* [Extracted entries]
··········
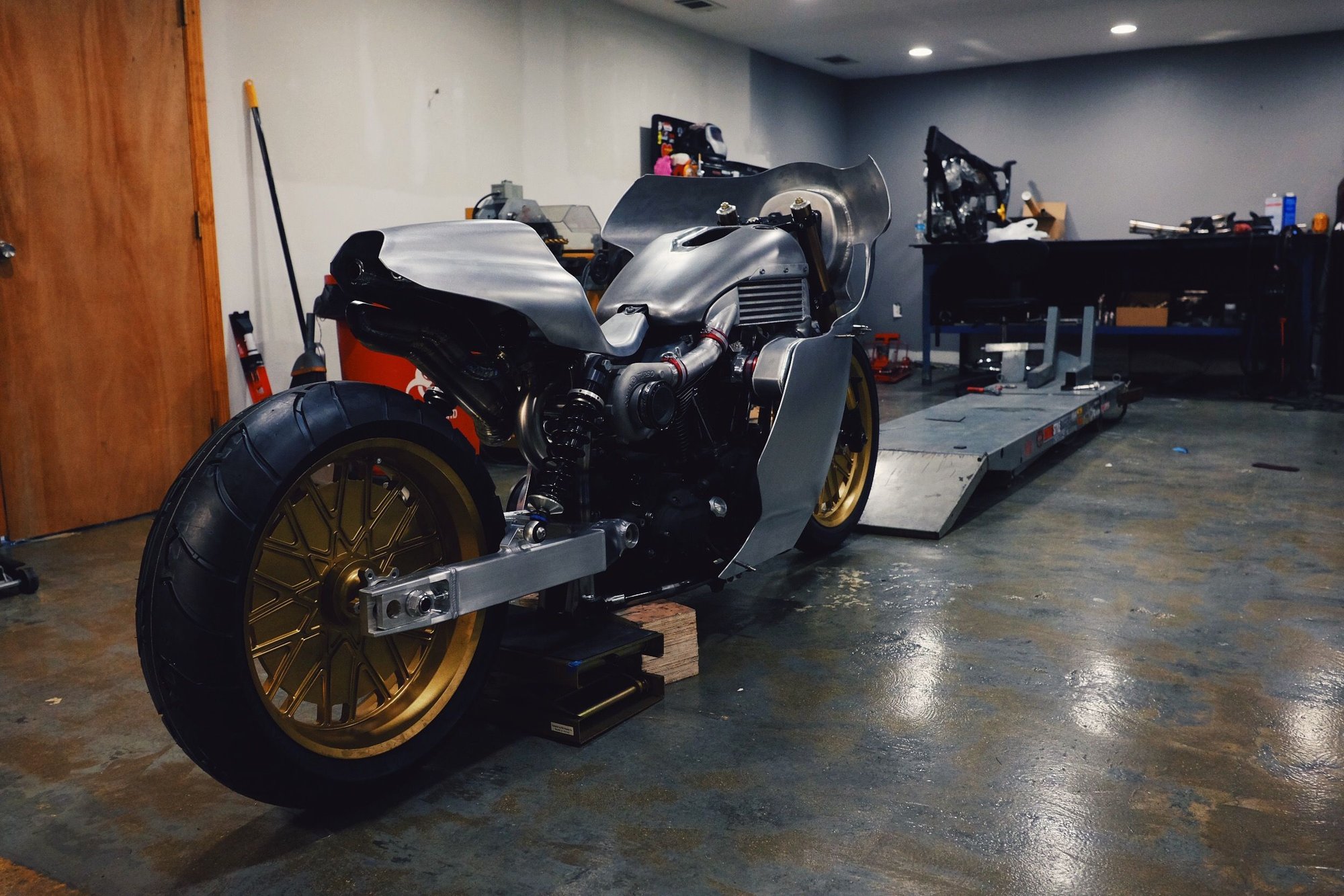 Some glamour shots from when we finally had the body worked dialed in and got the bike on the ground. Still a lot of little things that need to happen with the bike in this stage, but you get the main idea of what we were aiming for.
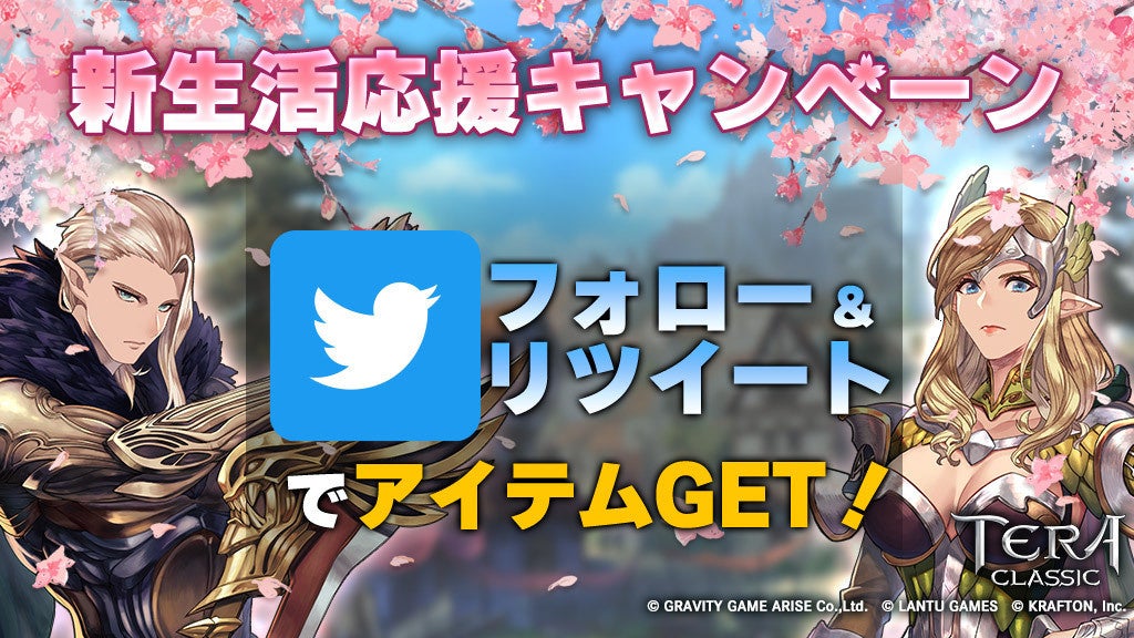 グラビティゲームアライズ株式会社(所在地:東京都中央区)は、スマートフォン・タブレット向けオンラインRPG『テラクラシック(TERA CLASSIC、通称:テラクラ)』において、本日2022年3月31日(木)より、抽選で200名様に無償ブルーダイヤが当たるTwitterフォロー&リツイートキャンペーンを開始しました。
··········
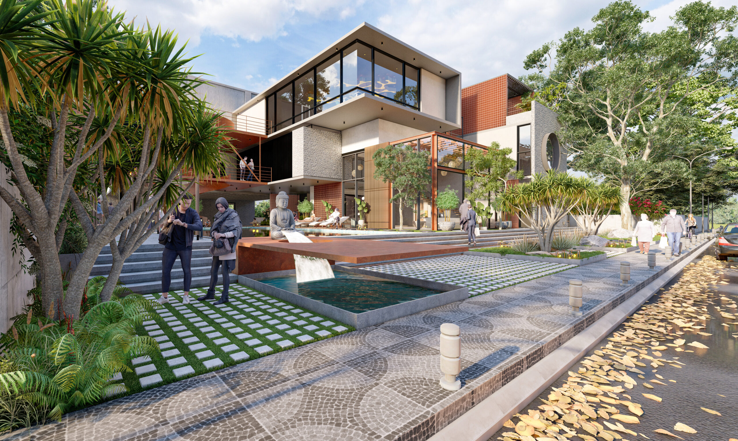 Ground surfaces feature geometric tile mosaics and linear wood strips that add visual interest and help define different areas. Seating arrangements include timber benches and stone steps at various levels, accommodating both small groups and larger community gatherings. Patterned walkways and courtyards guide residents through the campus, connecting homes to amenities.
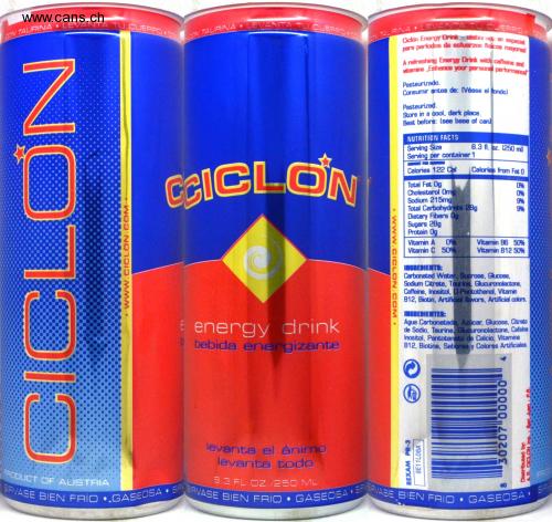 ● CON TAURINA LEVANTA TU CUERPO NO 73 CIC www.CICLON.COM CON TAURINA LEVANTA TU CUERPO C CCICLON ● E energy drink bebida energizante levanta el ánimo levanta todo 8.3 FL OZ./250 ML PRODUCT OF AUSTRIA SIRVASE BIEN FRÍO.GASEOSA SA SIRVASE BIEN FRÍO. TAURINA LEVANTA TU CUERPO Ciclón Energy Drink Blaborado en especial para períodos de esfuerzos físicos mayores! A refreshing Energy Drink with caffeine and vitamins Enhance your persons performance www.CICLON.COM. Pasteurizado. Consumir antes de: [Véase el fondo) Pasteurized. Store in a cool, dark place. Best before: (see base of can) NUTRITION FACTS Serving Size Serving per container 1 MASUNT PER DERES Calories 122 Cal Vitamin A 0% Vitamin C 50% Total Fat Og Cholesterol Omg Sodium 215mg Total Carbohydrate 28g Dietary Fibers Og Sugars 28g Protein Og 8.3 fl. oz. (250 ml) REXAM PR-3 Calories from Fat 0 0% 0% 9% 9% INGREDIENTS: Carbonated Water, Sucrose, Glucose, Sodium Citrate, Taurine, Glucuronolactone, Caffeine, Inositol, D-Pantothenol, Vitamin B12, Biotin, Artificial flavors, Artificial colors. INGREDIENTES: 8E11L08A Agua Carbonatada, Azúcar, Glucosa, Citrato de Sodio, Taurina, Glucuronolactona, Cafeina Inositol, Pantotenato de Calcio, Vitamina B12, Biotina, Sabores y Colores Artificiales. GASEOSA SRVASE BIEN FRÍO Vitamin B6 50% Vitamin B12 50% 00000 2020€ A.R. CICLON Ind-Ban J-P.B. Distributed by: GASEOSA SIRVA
··········
* [Task directions]
Above are some records; extract exactly the lines from the one containing "Some glamour shots" through the one containing "グラビティゲームアライズ株式" and drop the pictures.

* [Output]
 Some glamour shots from when we finally had the body worked dialed in and got the bike on the ground. Still a lot of little things that need to happen with the bike in this stage, but you get the main idea of what we were aiming for.
 グラビティゲームアライズ株式会社(所在地:東京都中央区)は、スマートフォン・タブレット向けオンラインRPG『テラクラシック(TERA CLASSIC、通称:テラクラ)』において、本日2022年3月31日(木)より、抽選で200名様に無償ブルーダイヤが当たるTwitterフォロー&リツイートキャンペーンを開始しました。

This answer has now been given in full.